**Dataset extract:**
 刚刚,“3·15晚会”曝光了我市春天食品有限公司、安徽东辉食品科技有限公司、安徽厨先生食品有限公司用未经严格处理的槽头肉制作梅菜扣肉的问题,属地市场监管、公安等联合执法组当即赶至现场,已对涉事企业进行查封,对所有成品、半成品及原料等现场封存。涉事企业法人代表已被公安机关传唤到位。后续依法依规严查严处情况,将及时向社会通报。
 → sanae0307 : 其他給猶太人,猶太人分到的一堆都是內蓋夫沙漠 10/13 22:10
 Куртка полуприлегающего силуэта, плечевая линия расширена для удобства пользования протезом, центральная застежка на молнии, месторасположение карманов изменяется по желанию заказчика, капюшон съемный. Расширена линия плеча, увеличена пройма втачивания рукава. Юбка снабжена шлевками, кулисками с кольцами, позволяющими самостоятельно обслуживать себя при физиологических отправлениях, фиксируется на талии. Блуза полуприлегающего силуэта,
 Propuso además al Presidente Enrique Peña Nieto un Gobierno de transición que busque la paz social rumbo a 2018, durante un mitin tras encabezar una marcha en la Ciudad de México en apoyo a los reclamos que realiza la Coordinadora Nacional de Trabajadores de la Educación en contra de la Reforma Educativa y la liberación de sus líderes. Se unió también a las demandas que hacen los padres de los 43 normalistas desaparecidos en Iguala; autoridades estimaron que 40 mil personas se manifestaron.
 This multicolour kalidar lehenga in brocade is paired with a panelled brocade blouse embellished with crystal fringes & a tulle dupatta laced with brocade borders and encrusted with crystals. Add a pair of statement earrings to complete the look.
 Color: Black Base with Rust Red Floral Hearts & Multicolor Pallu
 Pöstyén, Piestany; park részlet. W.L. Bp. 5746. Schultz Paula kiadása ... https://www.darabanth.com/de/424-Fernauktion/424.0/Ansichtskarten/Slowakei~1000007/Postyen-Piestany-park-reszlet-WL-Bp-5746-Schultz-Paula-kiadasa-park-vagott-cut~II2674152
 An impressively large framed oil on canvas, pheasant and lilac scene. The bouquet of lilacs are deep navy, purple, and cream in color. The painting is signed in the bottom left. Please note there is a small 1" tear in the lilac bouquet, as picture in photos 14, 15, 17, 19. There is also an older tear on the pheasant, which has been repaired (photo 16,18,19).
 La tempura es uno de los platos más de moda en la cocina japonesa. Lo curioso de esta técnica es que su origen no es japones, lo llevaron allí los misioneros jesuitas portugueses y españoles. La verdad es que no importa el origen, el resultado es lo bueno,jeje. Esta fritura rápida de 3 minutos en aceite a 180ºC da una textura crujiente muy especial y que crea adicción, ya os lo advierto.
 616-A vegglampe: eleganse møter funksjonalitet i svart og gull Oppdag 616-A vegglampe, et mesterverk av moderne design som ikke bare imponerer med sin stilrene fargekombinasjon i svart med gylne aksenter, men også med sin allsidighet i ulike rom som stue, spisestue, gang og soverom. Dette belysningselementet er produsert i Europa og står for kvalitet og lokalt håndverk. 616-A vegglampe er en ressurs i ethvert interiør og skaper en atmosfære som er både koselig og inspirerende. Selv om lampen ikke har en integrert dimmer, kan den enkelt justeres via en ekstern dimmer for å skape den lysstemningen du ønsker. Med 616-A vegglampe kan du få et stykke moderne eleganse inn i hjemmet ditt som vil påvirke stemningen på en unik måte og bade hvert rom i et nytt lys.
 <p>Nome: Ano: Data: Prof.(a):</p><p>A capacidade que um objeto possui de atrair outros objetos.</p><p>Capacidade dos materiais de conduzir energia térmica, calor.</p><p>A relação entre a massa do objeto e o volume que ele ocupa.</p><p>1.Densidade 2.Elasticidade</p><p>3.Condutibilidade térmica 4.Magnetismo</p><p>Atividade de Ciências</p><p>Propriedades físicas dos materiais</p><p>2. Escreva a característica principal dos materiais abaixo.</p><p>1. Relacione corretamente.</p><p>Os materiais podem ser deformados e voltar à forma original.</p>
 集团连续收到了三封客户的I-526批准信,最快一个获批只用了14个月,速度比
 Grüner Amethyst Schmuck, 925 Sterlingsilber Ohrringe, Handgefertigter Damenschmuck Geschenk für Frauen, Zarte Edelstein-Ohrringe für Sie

**Work to be completed:**
Write the listing out again in full, exactly as it stands above.

**Solution to the exercise:**
 刚刚,“3·15晚会”曝光了我市春天食品有限公司、安徽东辉食品科技有限公司、安徽厨先生食品有限公司用未经严格处理的槽头肉制作梅菜扣肉的问题,属地市场监管、公安等联合执法组当即赶至现场,已对涉事企业进行查封,对所有成品、半成品及原料等现场封存。涉事企业法人代表已被公安机关传唤到位。后续依法依规严查严处情况,将及时向社会通报。
 → sanae0307 : 其他給猶太人,猶太人分到的一堆都是內蓋夫沙漠 10/13 22:10
 Куртка полуприлегающего силуэта, плечевая линия расширена для удобства пользования протезом, центральная застежка на молнии, месторасположение карманов изменяется по желанию заказчика, капюшон съемный. Расширена линия плеча, увеличена пройма втачивания рукава. Юбка снабжена шлевками, кулисками с кольцами, позволяющими самостоятельно обслуживать себя при физиологических отправлениях, фиксируется на талии. Блуза полуприлегающего силуэта,
 Propuso además al Presidente Enrique Peña Nieto un Gobierno de transición que busque la paz social rumbo a 2018, durante un mitin tras encabezar una marcha en la Ciudad de México en apoyo a los reclamos que realiza la Coordinadora Nacional de Trabajadores de la Educación en contra de la Reforma Educativa y la liberación de sus líderes. Se unió también a las demandas que hacen los padres de los 43 normalistas desaparecidos en Iguala; autoridades estimaron que 40 mil personas se manifestaron.
 This multicolour kalidar lehenga in brocade is paired with a panelled brocade blouse embellished with crystal fringes & a tulle dupatta laced with brocade borders and encrusted with crystals. Add a pair of statement earrings to complete the look.
 Color: Black Base with Rust Red Floral Hearts & Multicolor Pallu
 Pöstyén, Piestany; park részlet. W.L. Bp. 5746. Schultz Paula kiadása ... https://www.darabanth.com/de/424-Fernauktion/424.0/Ansichtskarten/Slowakei~1000007/Postyen-Piestany-park-reszlet-WL-Bp-5746-Schultz-Paula-kiadasa-park-vagott-cut~II2674152
 An impressively large framed oil on canvas, pheasant and lilac scene. The bouquet of lilacs are deep navy, purple, and cream in color. The painting is signed in the bottom left. Please note there is a small 1" tear in the lilac bouquet, as picture in photos 14, 15, 17, 19. There is also an older tear on the pheasant, which has been repaired (photo 16,18,19).
 La tempura es uno de los platos más de moda en la cocina japonesa. Lo curioso de esta técnica es que su origen no es japones, lo llevaron allí los misioneros jesuitas portugueses y españoles. La verdad es que no importa el origen, el resultado es lo bueno,jeje. Esta fritura rápida de 3 minutos en aceite a 180ºC da una textura crujiente muy especial y que crea adicción, ya os lo advierto.
 616-A vegglampe: eleganse møter funksjonalitet i svart og gull Oppdag 616-A vegglampe, et mesterverk av moderne design som ikke bare imponerer med sin stilrene fargekombinasjon i svart med gylne aksenter, men også med sin allsidighet i ulike rom som stue, spisestue, gang og soverom. Dette belysningselementet er produsert i Europa og står for kvalitet og lokalt håndverk. 616-A vegglampe er en ressurs i ethvert interiør og skaper en atmosfære som er både koselig og inspirerende. Selv om lampen ikke har en integrert dimmer, kan den enkelt justeres via en ekstern dimmer for å skape den lysstemningen du ønsker. Med 616-A vegglampe kan du få et stykke moderne eleganse inn i hjemmet ditt som vil påvirke stemningen på en unik måte og bade hvert rom i et nytt lys.
 <p>Nome: Ano: Data: Prof.(a):</p><p>A capacidade que um objeto possui de atrair outros objetos.</p><p>Capacidade dos materiais de conduzir energia térmica, calor.</p><p>A relação entre a massa do objeto e o volume que ele ocupa.</p><p>1.Densidade 2.Elasticidade</p><p>3.Condutibilidade térmica 4.Magnetismo</p><p>Atividade de Ciências</p><p>Propriedades físicas dos materiais</p><p>2. Escreva a característica principal dos materiais abaixo.</p><p>1. Relacione corretamente.</p><p>Os materiais podem ser deformados e voltar à forma original.</p>
 集团连续收到了三封客户的I-526批准信,最快一个获批只用了14个月,速度比
 Grüner Amethyst Schmuck, 925 Sterlingsilber Ohrringe, Handgefertigter Damenschmuck Geschenk für Frauen, Zarte Edelstein-Ohrringe für Sie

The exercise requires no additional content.